If the gene symbol is used in the counts matrix, the notation must be specified as follows:
python3 SCALT.py read_counts.tsv -Notation gene_symbol
Or:
python3 SCALT.py read_counts.tsv --Notation gene_symbol
By default, a cell is classified if it expresses at least 250 genes.
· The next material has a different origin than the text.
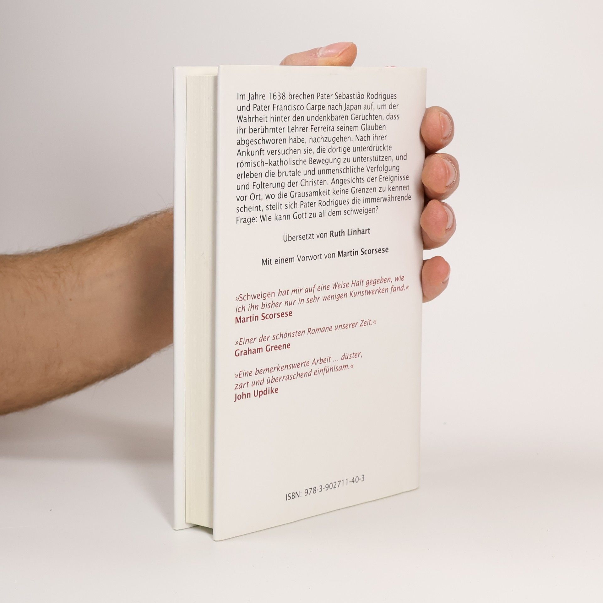 Schweigen ist der wichtigste Roman des gefeierten japanischen Autors Shusaku Endo. Er verursachte nach seiner Veröffentlichung im Jahr 1966 eine große Kontroverse in Japan. Shusaku Endo, ein japanischer Katholik, erzählt die Geschichte zweier portugiesischer Missionare, die im siebzehnten Jahrhundert in Japan versuchen, die dortige unterdrückte christliche Bewegung zu unterstützen. 1638 bricht Pater Sebastião Rodrigues nach Japan auf, um der Wahrheit hinter den undenkbaren Gerüchten, dass sein berühmter Lehrer Ferreira seinem Glauben abgeschworen habe, nachzugehen. Nach seiner Ankunft erlebt er die brutale und unmenschliche Verfolgung der Christen. Angesichts der Ereignisse in einer Gesellschaft, die keine Toleranz kennt und in der der Tod an der Tagesordung ist, stellt der Autor die immerwährende Frage: Wie kann Gott zu all dem schweigen? 2016 wird der Roman von Martin Scorsese mit Liam Neeson und Andrew Garfield in den Hauptrollen verfilmt.

Managing the SCALT.py parameters, this threshold che be modified as follows:
python3 SCALT.py read_counts.tsv -Min 500
Or:
python3 SCALT.py read_counts.tsv --Threshold 500
In addition, the computational time can be reduced if the number of processors is increased as reported:
python3 SCALT.py read_counts.tsv -CPUs 4
Or:
python3 SCALT.py read_counts.tsv --CPUs 4
Make sure to have available the number of desidered processors in your machine.
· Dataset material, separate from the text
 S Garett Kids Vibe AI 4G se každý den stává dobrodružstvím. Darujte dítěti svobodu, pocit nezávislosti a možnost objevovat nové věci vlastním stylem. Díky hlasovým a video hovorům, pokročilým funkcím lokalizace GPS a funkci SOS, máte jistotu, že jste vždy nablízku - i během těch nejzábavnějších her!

To conclude, the different parameters can be modified in a unique call:
python3 SCALT.py read_counts.tsv -Notation gene_symbol -Min 500 -CPUs 4
Or:
python3 SCALT.py read_counts.tsv --Notation gene_symbol --Threshold 500 --CPUs 4
The order of parameters is irrelevant.
Report
The report is a file in html format composed of a collection of plots summarizing the general statistics and classification results of the analysis. The file reports four different plots:
a bar plot showing how many cells express or not the minimum number of genes for classification;
a second barplot counting how many cells were classified to a cell type cathegory;
a 2D UMAP;
a 3D UMAP.
Note
The genes used for the creation of the UMAPs coordinates are the union of genes coming from the 471 lists of genes without repetitions.
Workflow
Running SCALT.py, the following workflow is performed:
inputPreparation.py is a python script that adjustes the input counts table in order to be properly analyzed by SCALT.py;
likelihood_ratio_test.py is the python script that performs the actual likelihood test;
reportGenerator.py is the python script that creates the final report.